Sabtu, 18 Februari 2017

Cerita Mikrolet #1


Imah hari ini sedikit lebih manis.

Polesan bedak tabur murah yang dibeli di pasar kemarin dan seusap gincu merah muda bekas majikan membuat wajahnya lebih segar.
Pagi ini seperti biasa, Imah akan berangkat ke pasar membeli keperluan dapur, daster batik kuning miliknya tertiup angin sembari menunggu mikrolet biru nomor 6 lewat.

Satu...dua...tiga...

Sudah beberapa mikrolet biru nomor 6 yang lewat. Tapi tangan Imah tidak juga melambai untuk menghentikan satupun. 
Tidak, ya...karena Imah tidak menunggu pada mikrolet semata. Imah menunggu mikrolet dengan sosok supir yang sering terlihat memakai kacamata hitam dengan kumis  klimis tipisnya.

“Ah...itu Bang Ujang”, mata Imah begitu tajam melihat sebuah mikrolet melaju dengan kecepatan sedang kearahnya.

“Imah...”, si supir menyapa.

“Bang Ujang...”Imah menjawab sembari membuka pintu depan samping pak supir.

Mereka hanya saling mendelik satu sama lain dengan malu-malu. Tersenyum dengan dada yang berdegup kencang. 

Teringat seminggu yang lalu, ketika Imah kecopetan di pasar dan tidak punya uang untuk ongkos angkutan umum. Ujang yang saat itu sedang minum kopi di samping mikrolet birunya menawari untuk mengantar sampai ke depan kompleks perumahan majikannya. Awalnya Imah takut, tapi senyuman dan ramahnya mata dibalik kacamata hitam necis Ujang membuatnya takluk.

Dan kini sudah tiga kali perjalanan pulang pergi pasar, Imah menggunakan mikrolet Ujang. Awalnya sebagai bentuk terima kasih Imah. 
Tapi sepertinya... kini Imah dan Ujang telah memiliki maksud yang lain.



Ujang sudah tahu kearah mana Imah akan pergi.
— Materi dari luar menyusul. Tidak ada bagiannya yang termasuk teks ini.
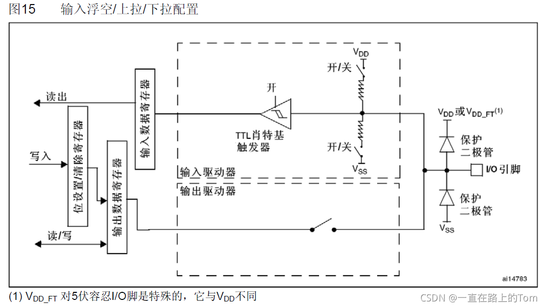 ● 根据输入配置(上拉,下拉或浮动)的不同,弱上拉和下拉电阻被连接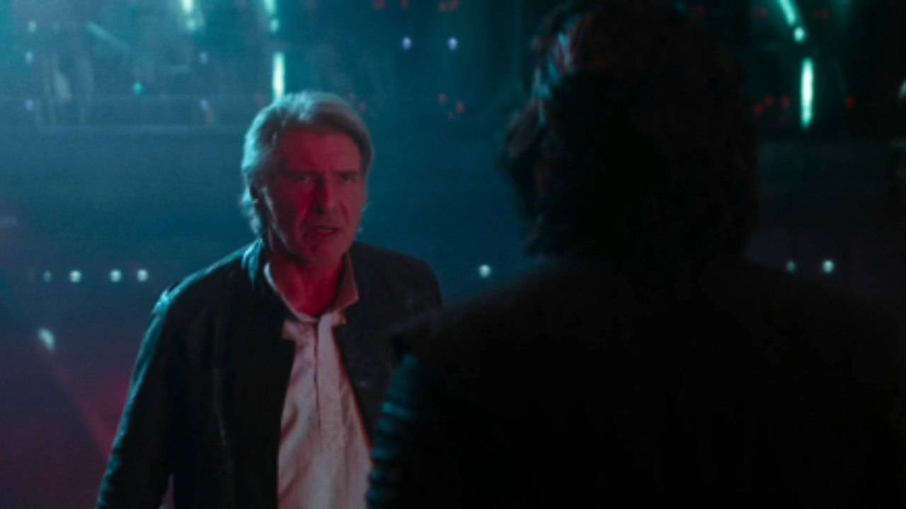 No início do filme, ficamos sabendo que Kylo Ren (nome verdadeiro Ben Solo) era, na verdade, filho de Han Solo e Leia, e o jovem matou seu pai com um sabre de luz dentro da base Starkiller.

Pun Imah, mempercayakan tujuannya kepada orang yang sedang memegang kemudi.
Tanpa kata sampai tujuan, Imah turun dan hendak membayar.
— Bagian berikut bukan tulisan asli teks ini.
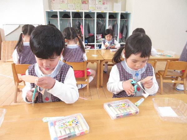 教室では雛飾り🎎や、1年間の作品を持ち帰る表紙😊👐の制作をしました🌼

“Tidak usah neng...”, si supir menolak.

“Ah..jangan Bang, Eneng kan numpang mobil sampai ke pasar...”, Imah sedikit pelan berbicara – malu dengan penumpang di belakang.
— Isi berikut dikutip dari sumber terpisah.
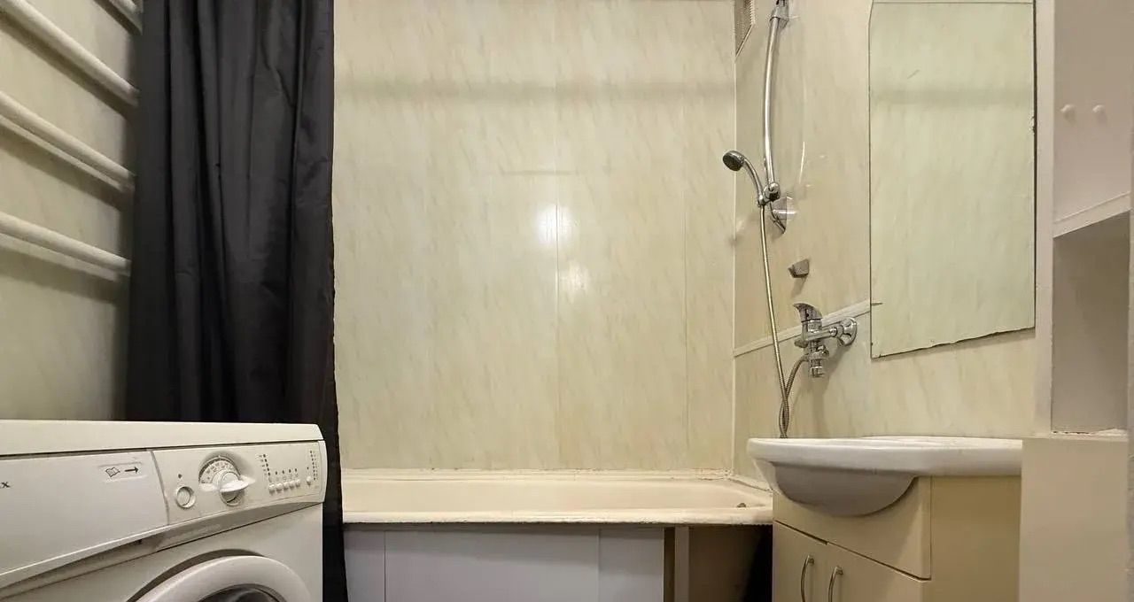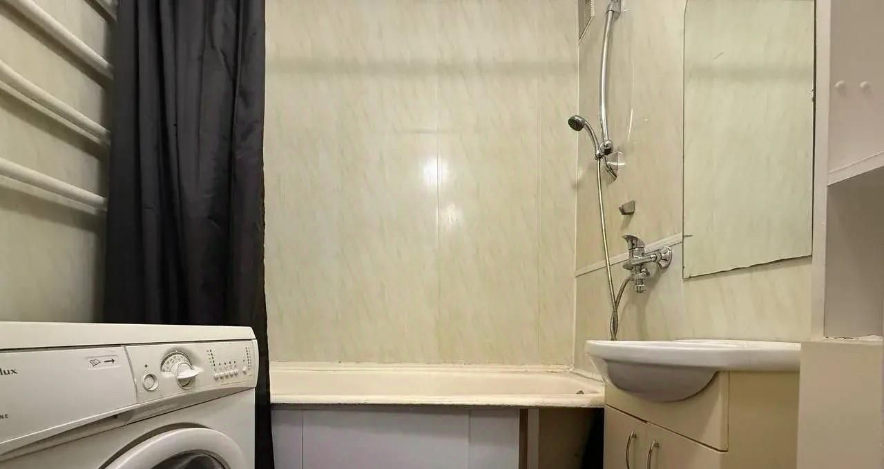 Санузел раздельный. В ванной имеется стиральная машина (остается). Между санузлом и кухней большая кладовка.

Tapi Ujang bersikeras, menolak.

“Ga usah Neng, besok...abang jemput lagi ya di tempat tadi...”, Ujang menurunkan kacamata hitamnya sembari mengedipkan satu matanya. 

Mulai berani genit. 

Demi melihat hal itu, Imah langsung memerah pipinya, ia makin malu. 

Tapi senang. 

Dan mengangguk takzim.

“Iya bang...terima kasih sebelumnya...”, tanpa menunggu jawaban si Imah langsung balik badan masuk ke dalam pasar. 

Sesekali berbalik ke arah mikrolet biru dan mendapati supirnya yang masih memandangi dari jauh.

Dalam hati Ujang berkata, “cantik sekali Imah pakai daster itu...”.